Answer to Question #347058 in Statistics and Probability for anx

Question #347058

You are the manager of a fast-food restaurant. The business problem is to determine

whether the population mean waiting time to place an order has changed in the past month

from its previous population mean value of 4.5 minutes. From past experience, you can

assume that the population is normally distributed, with a population standard deviation of

1.2 minutes. You select a sample of 36 orders during a one-hour period. The sample mean is

5.1 minutes. To test this statistical hypothesis, with a = 0.05

you have then testing hypothesis (null and alternate hvpothesises) is

Expert's answer

The following null and alternative hypotheses need to be tested:

"H_0:\\mu=4.5"

"H_1:\\mu\\not=4.5"

This corresponds to a two-tailed test, for which a z-test for one mean, with known population standard deviation will be used.

Based on the information provided, the significance level is "\\alpha = 0.05," and the critical value for a two-tailed test is "z_c = 1.96."

The rejection region for this two-tailed test is "R = \\{z:|z|>1.96\\}."

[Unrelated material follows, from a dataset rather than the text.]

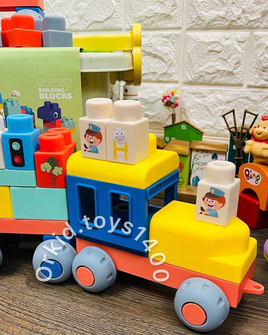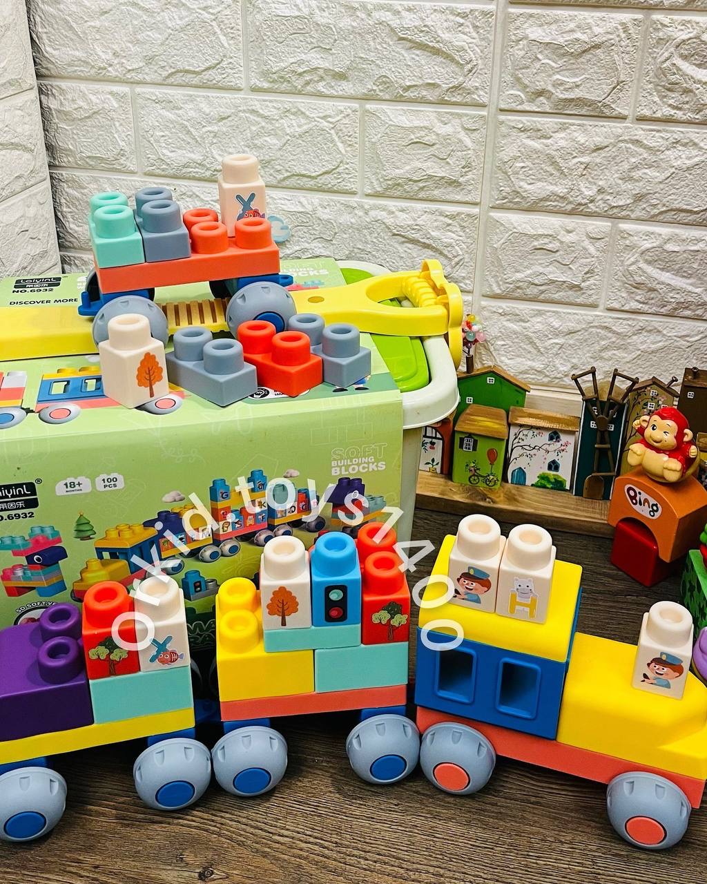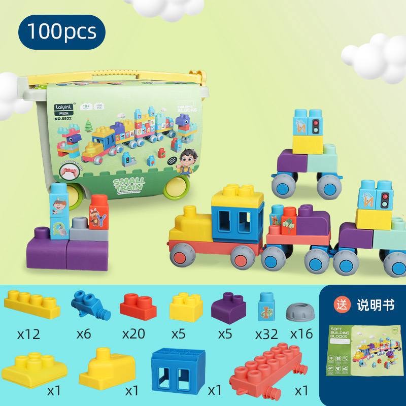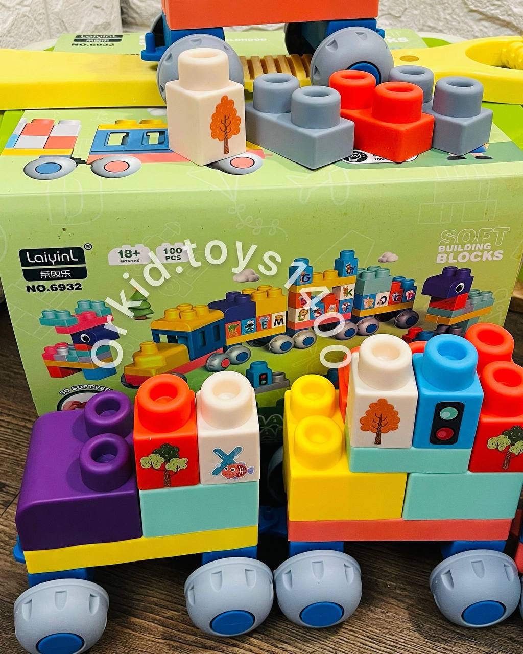 لگو نرم یا لگو سافت ِ باکسدارِ صد تاییباکسش زیرش چرخ داره و دسته داره که بچه میتونه دنبال خودش بکشهسایز قطعات بزرگِ اجره هستش و روشون برچسب چاپی دارهنرم و معطف هستن و از ۱۸ ماه برای استفاده کاملا مناسبن

The z-statistic is computed as follows:

"z=\\dfrac{\\bar{x}-\\mu}{\\sigma\/\\sqrt{n}}=\\dfrac{5.1-4.5}{1.2\/\\sqrt{36}}=3"

Since it is observed that "|z|=3>1.96=z_c," it is then concluded that the null hypothesis is rejected.

Using the P-value approach:

The p-value is "p=2P(z>3)= 0.0027," and since "p= 0.0027<0.05=\\alpha," it is concluded that the null hypothesis is rejected.